На первый взгляд, Чимин не совершил ничего предосудительного. Занимался с Чоном тем, чем в его представлении могут заниматься друзья. Но лишь на первый взгляд, потому что друзья не помышляют о чем-то большем. Конечно, друзья иногда влюбляются, но разве Чонгук давал ему повод влюбиться? Нет, Чон лишь проявлял заботу с самого начала. Порой казалось, что он заигрывает, как, например, в случае с кроватью, когда Чонгук убеждал Чимина, что кроме него в ней никто не лежал. Но на самом деле Чимин не настолько глуп, чтобы не понимать, что Чон шутит. Откуда Паку знать, что с другими своими друзьями Чонгук не ведет себя также? Он только выглядел хмурым и бесчувственным, но это лишь напускное.

В который раз Чимину нужно себе напомнить, что нельзя всё время жить в фантазиях. Он ведет себя незрело.

Я всё испорчу.
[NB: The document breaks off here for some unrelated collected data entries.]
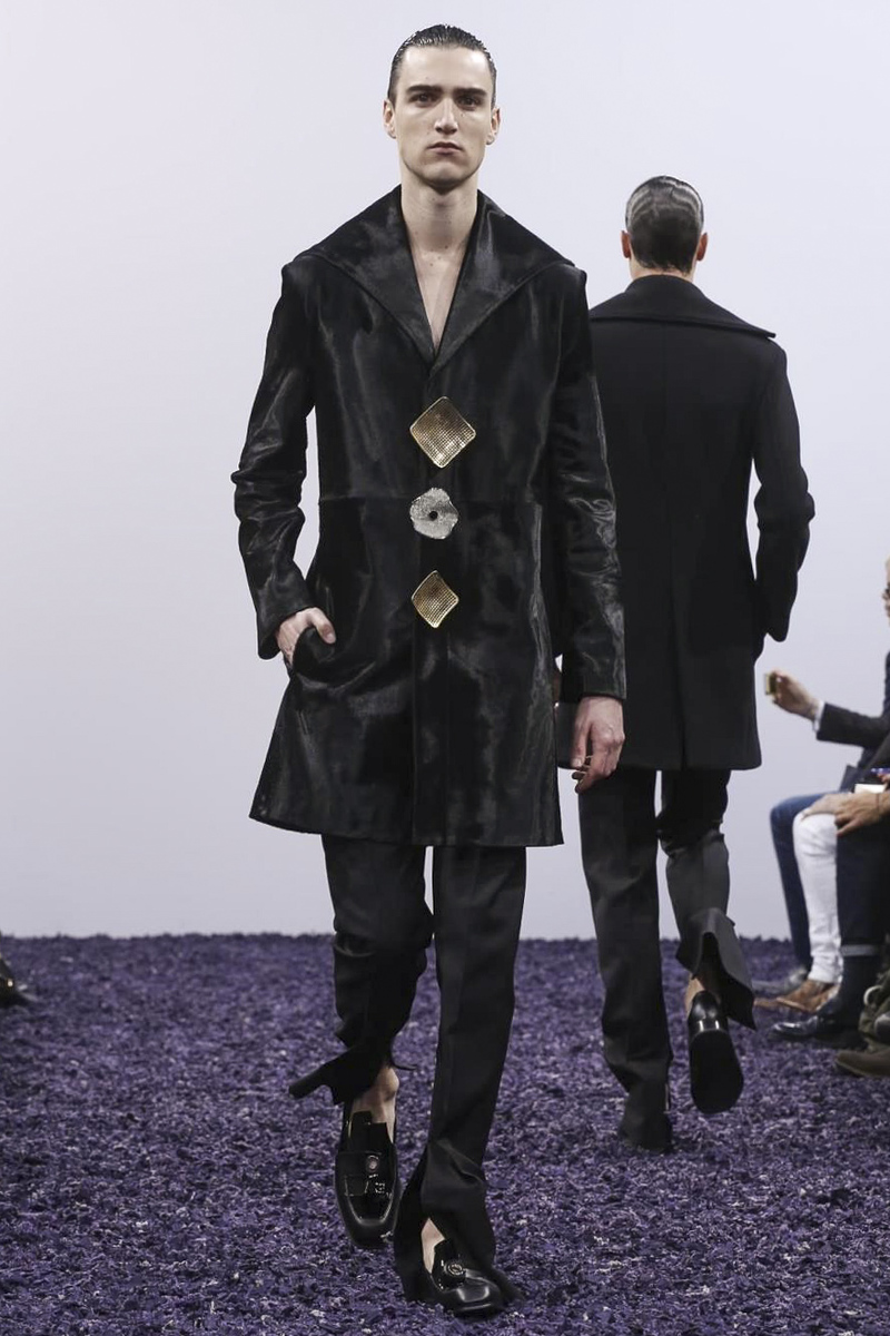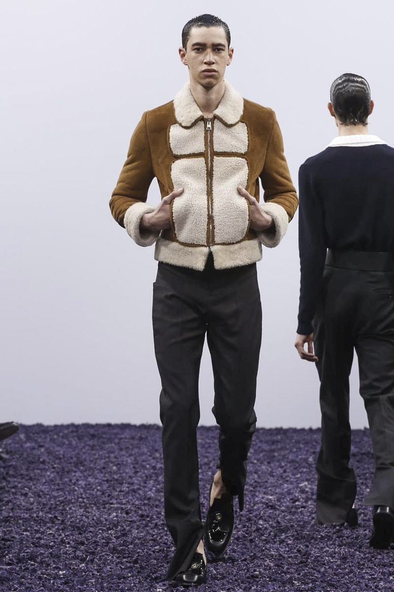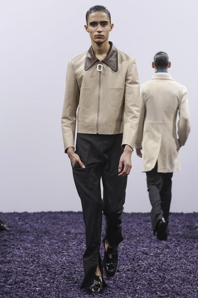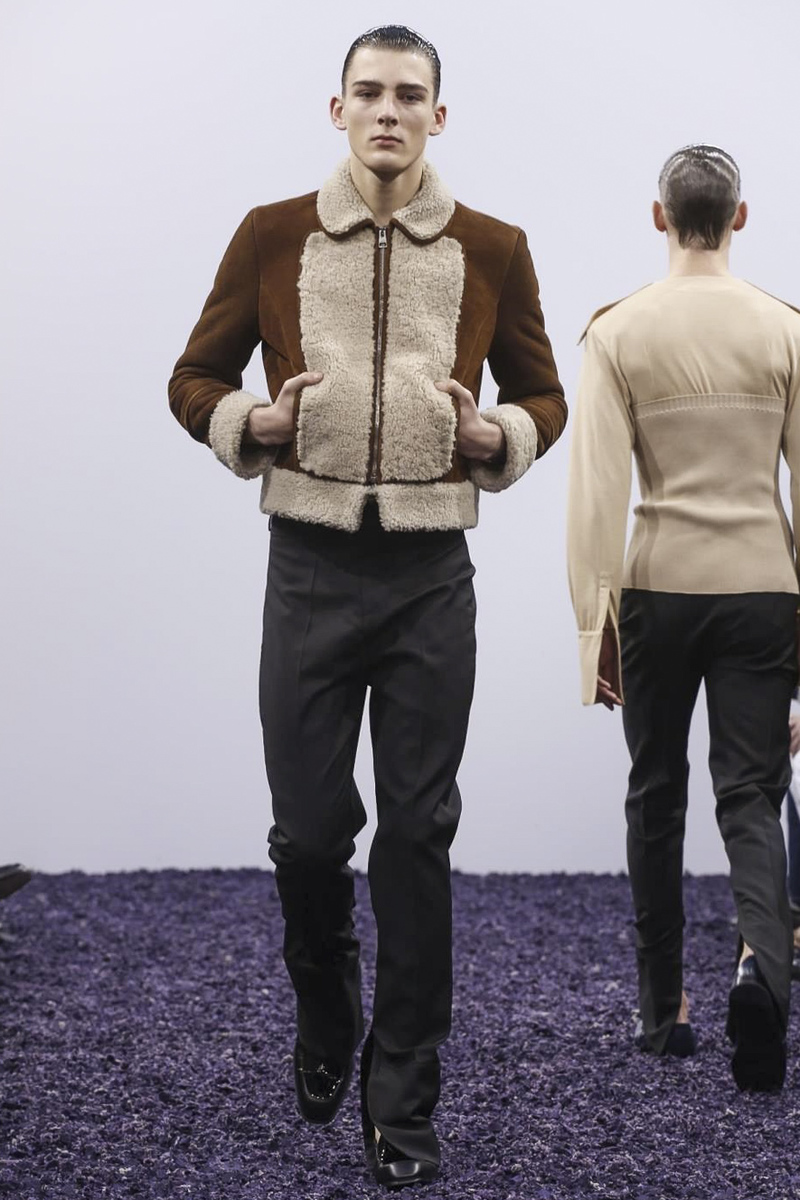 J.W. Anderson’s F/W 2015, home base at the Yeomanry House was laden with a violet crystal-like tapestry made of recycled tires, hinting at the post-apocalyptic show that was about to ensue. Ray Bradbury’s “There will come soft rains” immediately rang to mind depicting a world brought to ruins by Man. In a chat backstage, Anderson mentioned that the “idea felt a little bit apocalyptic…a bit George Orwell”, highlighting the poem that opened the show. Anderson switched his usual Ratatat-style discordant track for a recording of “The Imperfect List” by Big Hard Excellent Fish narrated by Josie Jones — the chilling sobering track that used to open every Morrissey concert. The words to the poem read, “scouse impersonator. silly pathetic girlies. silly pathetic woman. macho dickhead. Bonnie langford. neighbours. lost keys. phoney friend. ungrateful accusing mate. the royal family. stock aitken & waterman. smiling judas.”
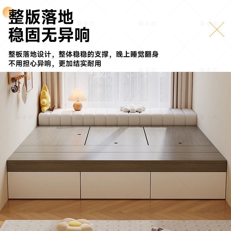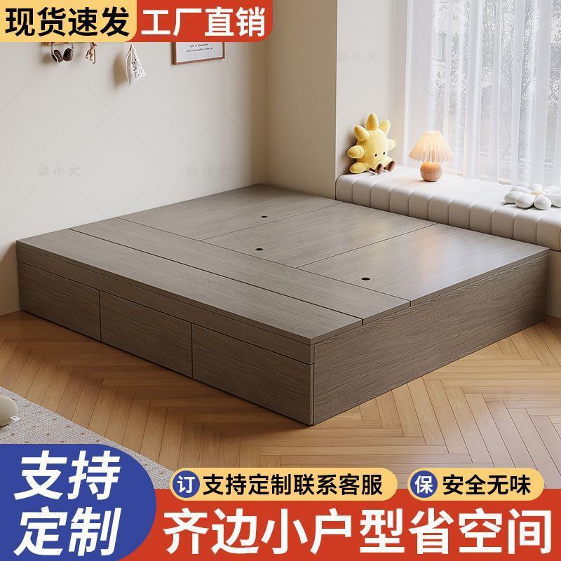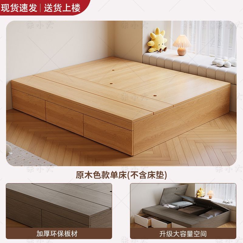 实木床现代简约双人床无床头床储物床地台榻榻米单人床柜一体定制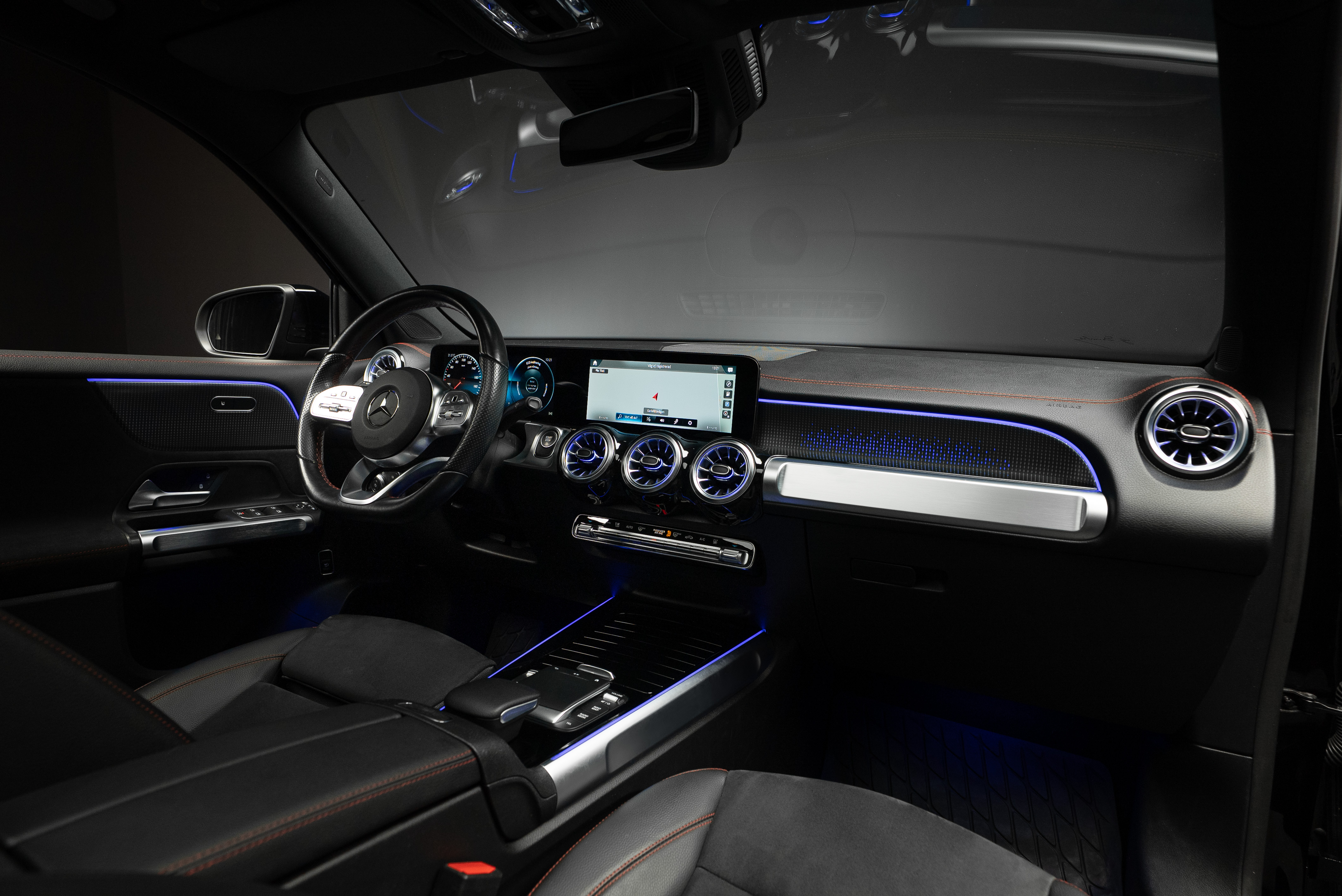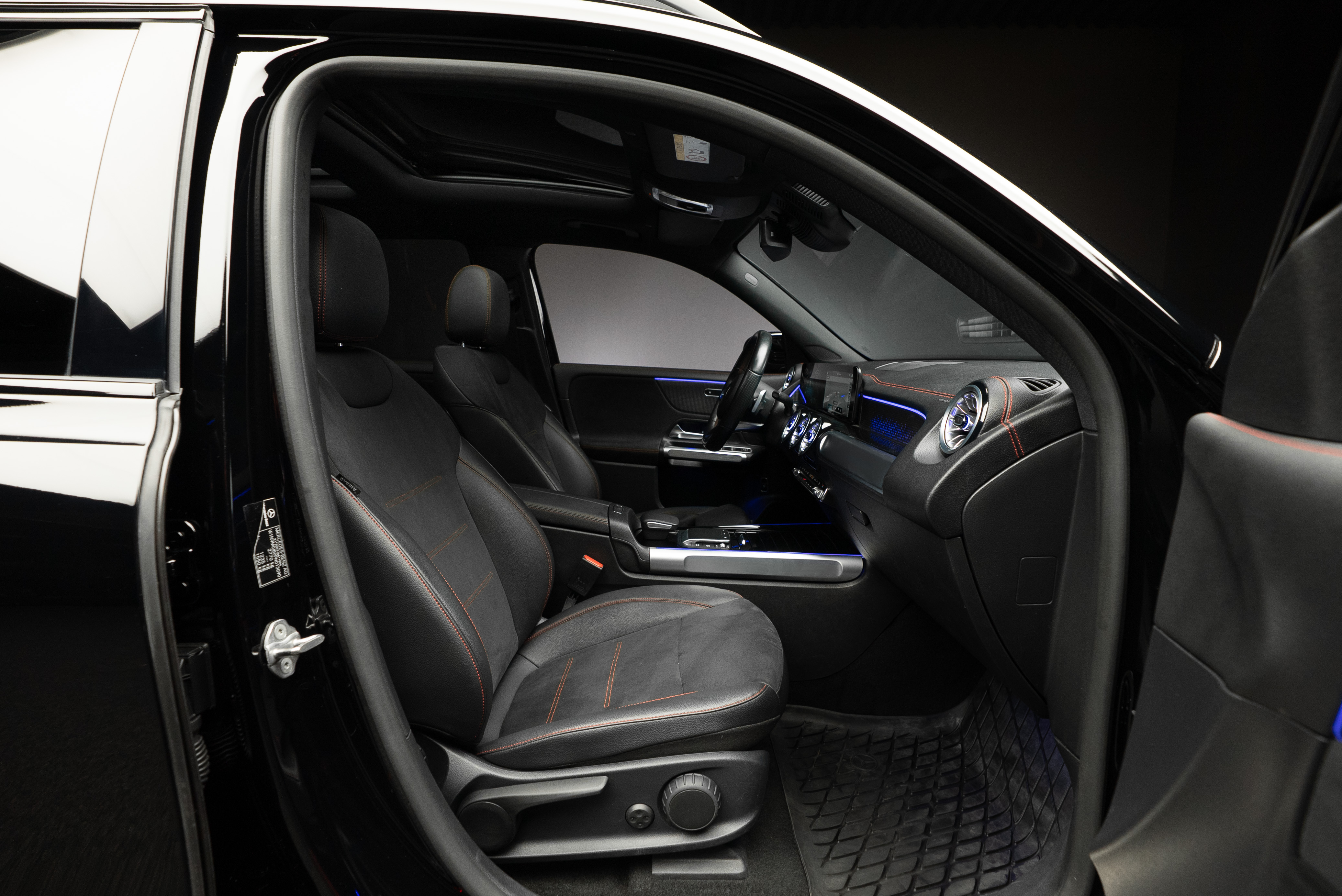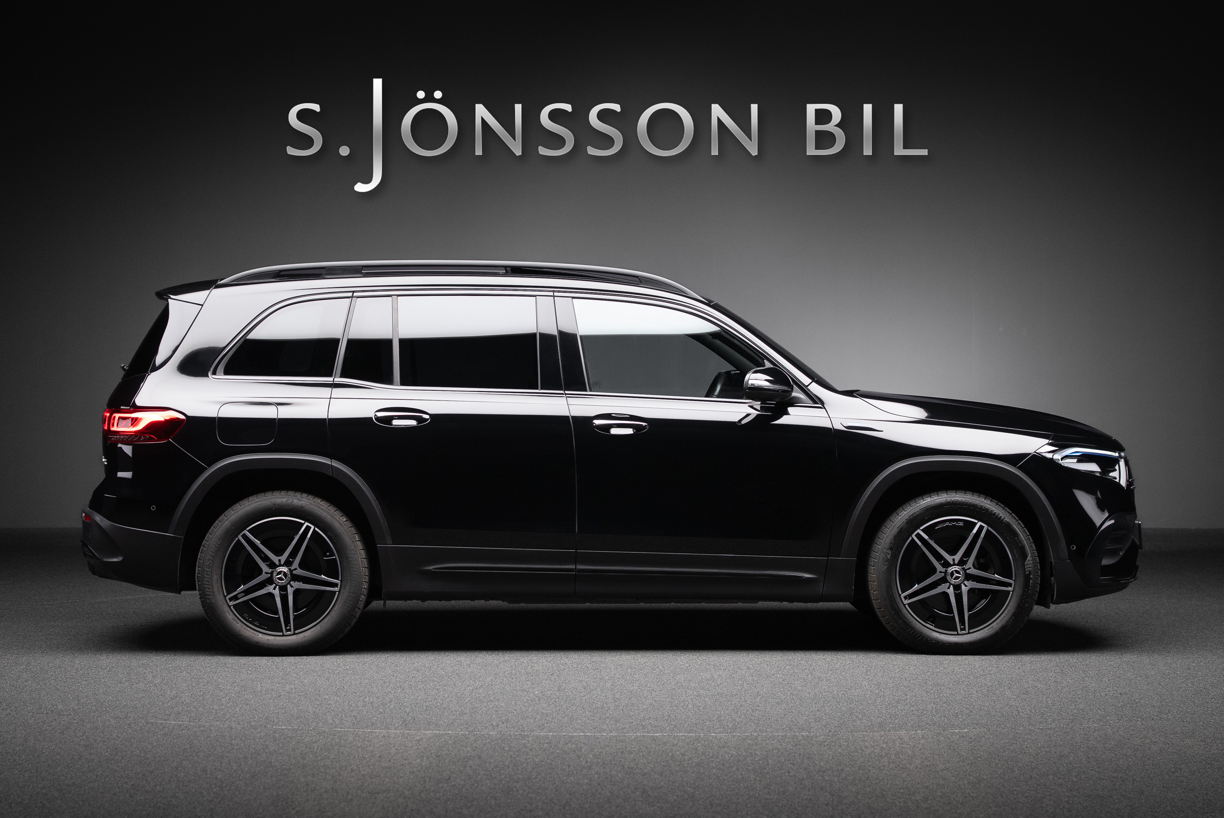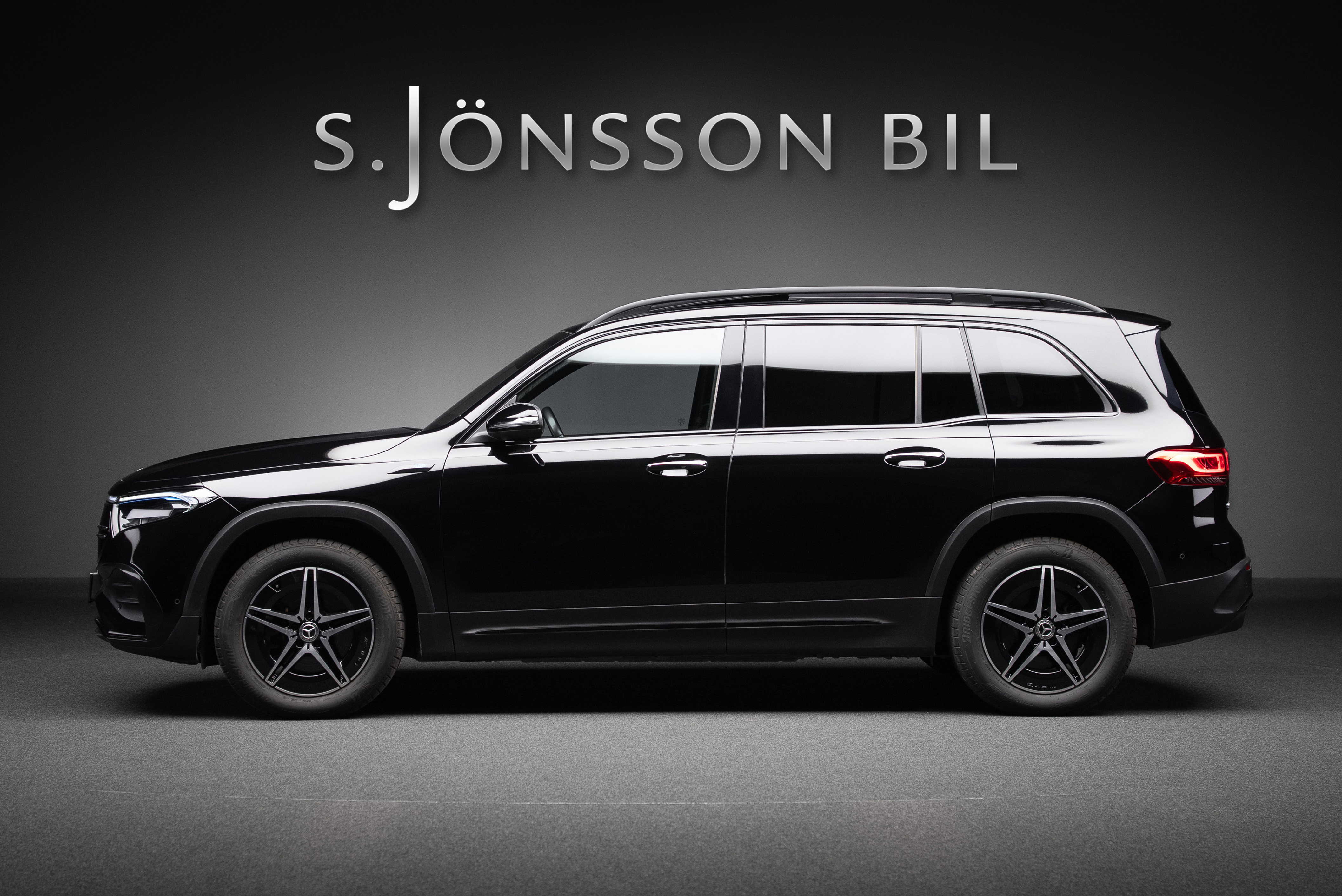 Mercedes-Benz EQB 300 4MATIC 7 sits lackerad i Night Black kombinerat med svart läder och alcantara klädsel med röda kontrastsömmar.

Я не имею права всё испортить.

— Чимини, ты не боишься? — настороженно спросила сидевшая на стуле Ынли.

— Прости? — Чимин собрал всё мужество, чтобы поднять голову. — Боюсь чего?

— Того, что он прожжет в тебе дыру, — девушка кивнула на Чонгука, который смотрел на Пака так, как смотрят на объект, способный исчезнуть в любой момент.

Чимин погладил свитер на себе, и улыбка сама возникла на его лице.

— Не устану это повторять, — сказала Ынли и хлопнула себя по коленям, — чертов Чон Чонгук!

— Ты, как заевшая пластинка, дорогая, — Чонгука никак не заботили слова Ынли.

— Чимини, милый, оставишь нас наедине? — проворковала девушка.

— Да, мне всё равно пора, — Пак собирался выйти из кухни, но задержался в дверном проёме. — Я буду у Тэхёна.

Оказавшись в соседней квартире, Чимин не хотел ни о чем думать, не хотел рассуждать или анализировать. Он просто мечтал поскорее принять душ, упасть лицом в подушку и проспать до утра. Слишком много событий, с которыми он никогда ранее не сталкивался. За короткое время Чимин обрел подругу, влюбился в парня и вот уже находится на грани того, чтобы потерять всё это разом.

— Как дела у Чонгука? — Тэхен с влажными волосами, одетый в серую пижаму, лежал на кровати и копался в телефоне.

— Он с Ынли, — бросил Пак, включил в комнате свет и опустился на соседнюю кровать. — Тэ, а вам еще работники не нужны? Я имею в виду, в магазин.

— Ты работать хочешь? — Тэхен отложил телефон и сцепил руки в замок. — Довольно тяжело учиться и работать, знаешь?

— Чонгук же работает.

— Чонгуку родители не выделяют на карман. Только квартиру оплачивают и учебу. У него сложные отношения с отцом, — Ким замешкался, барабаня пальцами по животу. — Вас многое связывает. Вы бы нашли о чем поговорить.

— Ты не рассказывал ему? — спохватился Пак.

— Про твоего отца? Нет, конечно. Но, боюсь, про бабушку он в курсе.

Чимин плохо знал Тэхена, но мог поклясться, что Ким что-то недоговаривает, балансирует между двумя людьми, по несчастливой случайности являющимися его соседями. У них двоих свои скелеты в шкафу, надежно охраняемые, до сих пор не похороненные. И Тэхен, очевидно, заглянул в оба шкафа.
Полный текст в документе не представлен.